Government releases regulations around Jan 1 foreign buyer ban
At a glance (2 minute read)
- The regulations define a foreign buyer, residential property, and purchase.
- Foreign-owned corporations are included in the ban.
- Anyone who knowingly assists in a sale of a residential property to a foreign buyer may be subject to a $10,000 fine.
- There are no new recordkeeping obligations for Realtors, however CREA is providing a certificate to help mitigate risk.
The government released the regulations supporting the federal foreign buyer ban today, defining what the ban will look like.
These regulations outline:
- The definition of a residential property, foreign buyer, and purchase;
- Exceptions for temporary residents that meet specific obligations that include students or workers, refugees, and accredited members of foreign missions in Canada; and
- Penalties for non-compliance applicable to Non-Canadians, as well as any person or entity knowingly assisting a Non-Canadian in violating the prohibition
There’s still little information on how this law and its regulations will be interpreted and enforced.
Reducing risk for REALTORS®
The regulations don’t require any further record keeping for Realtors, however the Canadian Real Estate Association (CREA) recommends members perform due diligence to ensure they’re not facilitating a sale to a foreign buyer.

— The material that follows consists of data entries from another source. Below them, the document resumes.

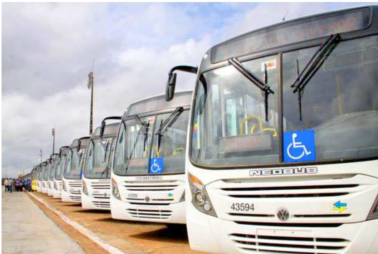
Sistema de transporte público de São Luís conta com uma frota de 874 ônibus. Veículo que estiver irregular será apreendido e empresa pagará multa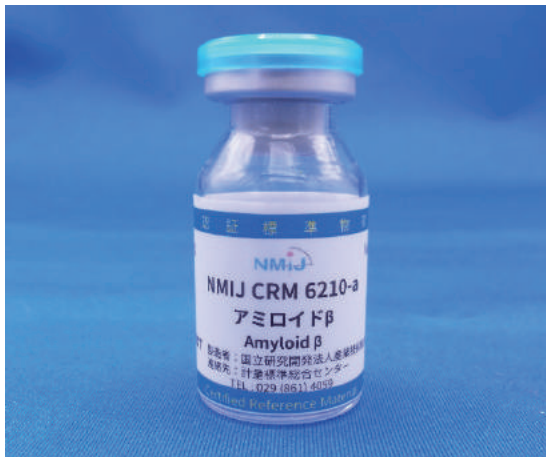
NMIJ CRM 6210-a アミロイドβ Amyloid β (P. 33)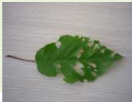
PNRSV la cireș-simptome pe frunze(original)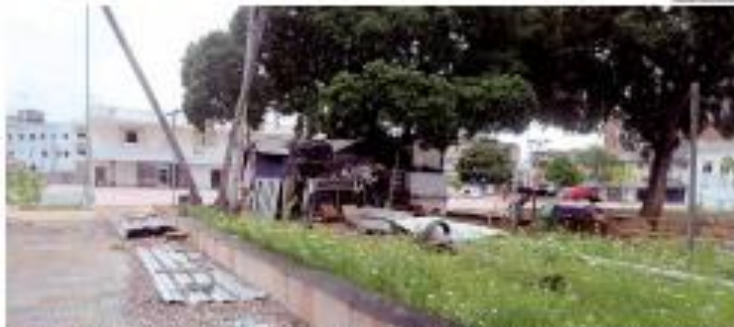
▶ ABASTECIMENTO Enquanto a falta de água em pleno verão tem sido alvo de reclamação de consumidores potiguaros desde o início de ano, a Prefeitura de Natal, em Natal, não tem previsão de retomada para uma rede de distribuição de água em situação de risco, que está sendo tapada e a própria obra para ser feita. ▶ PÁGINA 11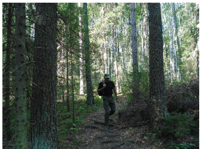
Тропы Батыевы: в Нижегородском Заволжье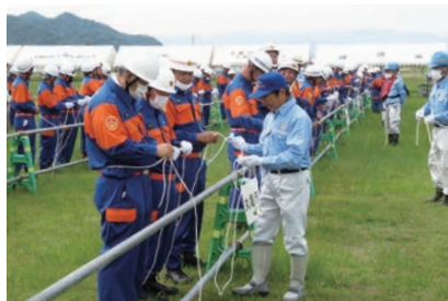
▲土器川水防工法技術支援 (土器川左岸生物公園前河川敷)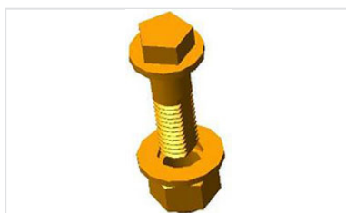
Verrous 1/4 de tour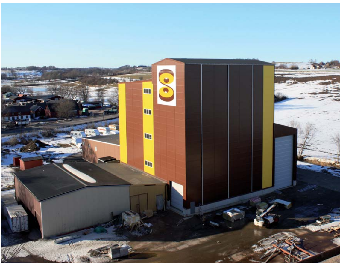
I februari 2010 står byggnaden till den nya specialfabriken klar och nu pågår maskininstallationer invändigt. I juni 2010 beräknar vi kunna göra de första testkörningarna.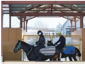
冬季屋内トラックコース

社宅は家庭用一戸建て、単身者用ワンルーム(各部屋バス・トイレ付き・男女別)。労災とは別に業務災害保証にも加入しており、万が一の怪我にも十分な補償をしております。随時、インターンシップの受け入れをしております。(宿泊施設・食事付・交通費・各交通機関へスタッフが送迎) スタッフ一人ひとりが常に向上心を持ち、怪我のないように働いています。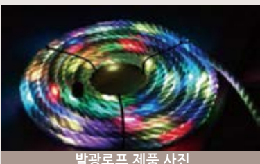
발광로프 제품 사진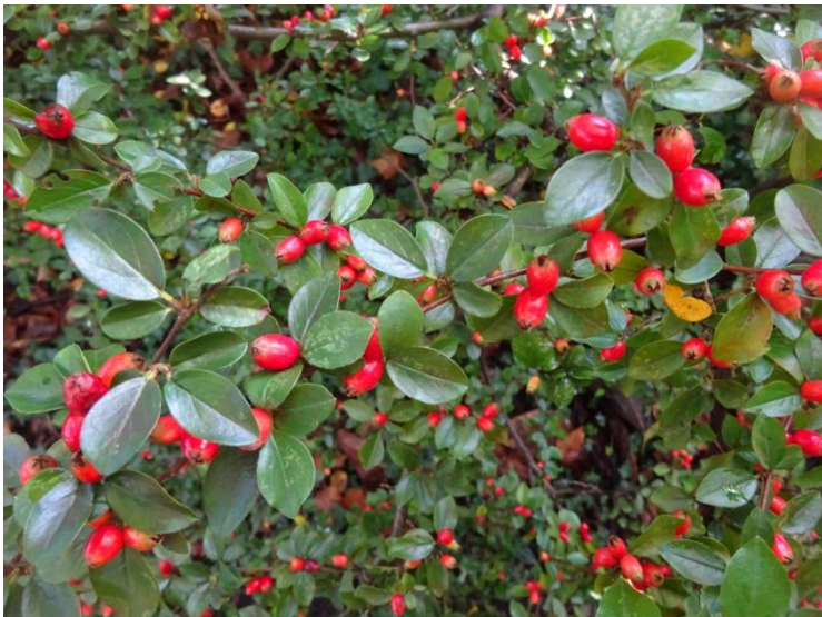
Uitgespreide cotoneaster Cotoneaster. divaricatus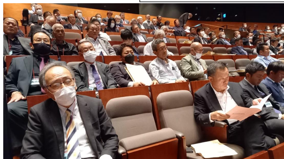
長崎県の座席の様子(当協会、県内漁協関係組合長等)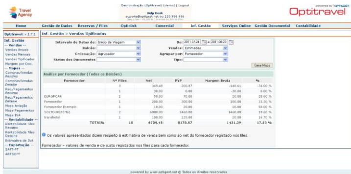
Ilustração 2 – Consulta de Mapa de Vendas Tipificadas

CREA developed the Certification and Consent of Purchaser as a way Realtors can help mitigate their risk – though members should be aware that this document may not be foolproof as there’s still little information on how the regulations will be enforced.
The certificate should be completed before assisting or advising a potential buyer and should be used in combination with other due diligence practices.
- The Prohibition on the Purchase of Residential Property by Non-Canadians Act prevents non-Canadians from buying residential property in Canada for two years starting on January 1, 2023.
- Non-Canadians are defined as individuals who aren’t:
- Canadian citizens
- permanent residents of Canada
- persons registered under the Indian Act.
- corporations based in Canada that are privately held, not listed on a stock exchange in Canada, and controlled by someone who is a non-Canadian.
- The act defines residential property as buildings with three homes or less, as well as parts of buildings like a semi-detached house or a condominium unit. The law doesn’t prohibit the purchase of larger buildings with multiple units.
- The act has a $10,000 fine for any non-Canadian or anyone who knowingly assists a non-Canadian and is convicted of violating the act. If a court finds that a non-Canadian has done this, they may order the sale of the house.